Je me souviens d’avoir senti venir une crise, comme celles qui me prenaient parfois la nuit. Dans l’un des aéroports, alors que nous apprenions une énième mauvaise nouvelle, j’ai entendu mon père hausser le ton, ma mère produire un soupir qui ressemblait à une plainte, et j’ai vu tout noir : le monde tel qu’il était s’est mis à trembler si fortement qu’il devenait des giclées abstraites de boue, de pierre et de sang. J’ai cessé de respirer.
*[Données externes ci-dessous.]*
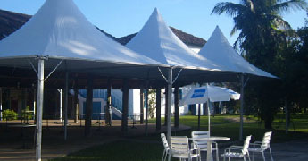 São coberturas em lonas anti-chamas, com a sua estrutura em metalon e calhas para escoamento de água de chuva em diversos tamanhos (3x3m / 4x4m / 5x5m / 10x10m); a lona pode ser branca e cristal (transparente).
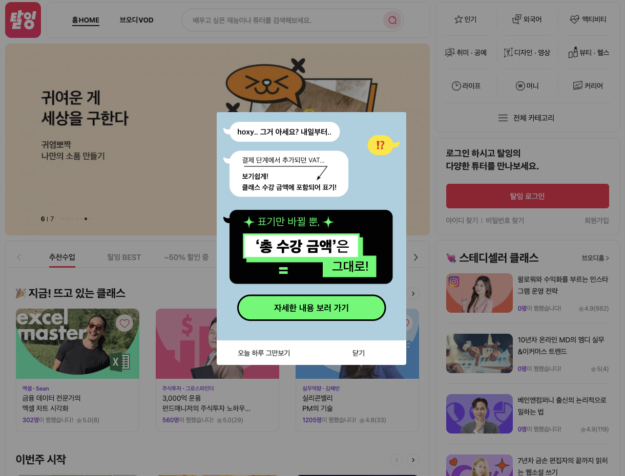 탈잉 웹사이트를 살펴보자. 정말 강조하고 싶은 정보는 랜딩페이지에 진입했을 때, 팝업 창이 아닌 모달창으로 제시할 수 있다. 예상하지 못한 모달창으로 사용자가 느낄 불편함을 최소화하기 위해 오늘 하루 그만보기 옵션을 제공하고 있다. 또 카카오톡 UI를 재현해서 사용자 친화적인 이미지로 내용을 저달하고 있다. 랜딩페이지도 시선이 지나치게 분산되지 않는 선에서 다양한 컨텐츠를 제공하고 있다.

(Enfant, je sortais de mes cauchemars le souffle coupé. J’avais compris qu’un acte violent pouvait tout taire et m’aider à retrouver ma respiration. Si je ne pouvais crier, je me mordais l’intérieur des joues, parfois jusqu’au sang. J’ai appris avec les années à contenir mes crises, et j’ai aujourd’hui horreur de toute violence.)

J’ai retrouvé mon souffle en hurlant. J’ai pris mon sac-à-dos dans mes mains, je l’ai lancé de toutes mes forces sur le plancher de l’aéroport, et j’ai hurlé je ne sais quoi, sans doute une phrase ridicule. J’ai par la suite été exécrable : je me suis plaint d’absolument tout, de l’attente, de la chaleur, des moindres maux. Je crois que c’était la honte qui parlait à travers moi, honte d’avoir réagi si violemment, honte de ne pas avoir su contenir ce qui était en réalité une crise d’angoisse. Mais je crois que la crise, et mon comportement qui a suivi, n’était pas seulement provoquée par les infortunes du voyage; elle était une étape inévitable parmi tout le processus du retour au pays natal qui a débuté plusieurs années auparavant, dans un malaise inexplicable devant mon père en symbiose avec la mer. Je ne savais pas encore à quoi je retournais, mais je sentais sans doute vivement que ce retour, malgré ma famille à mes côtés, se ferait dans la solitude, l’incompréhension, la confusion et les chocs répétés. Ce retour était quelque chose comme un exil de plus, et une promesse saugrenue : les exils ne cessent jamais.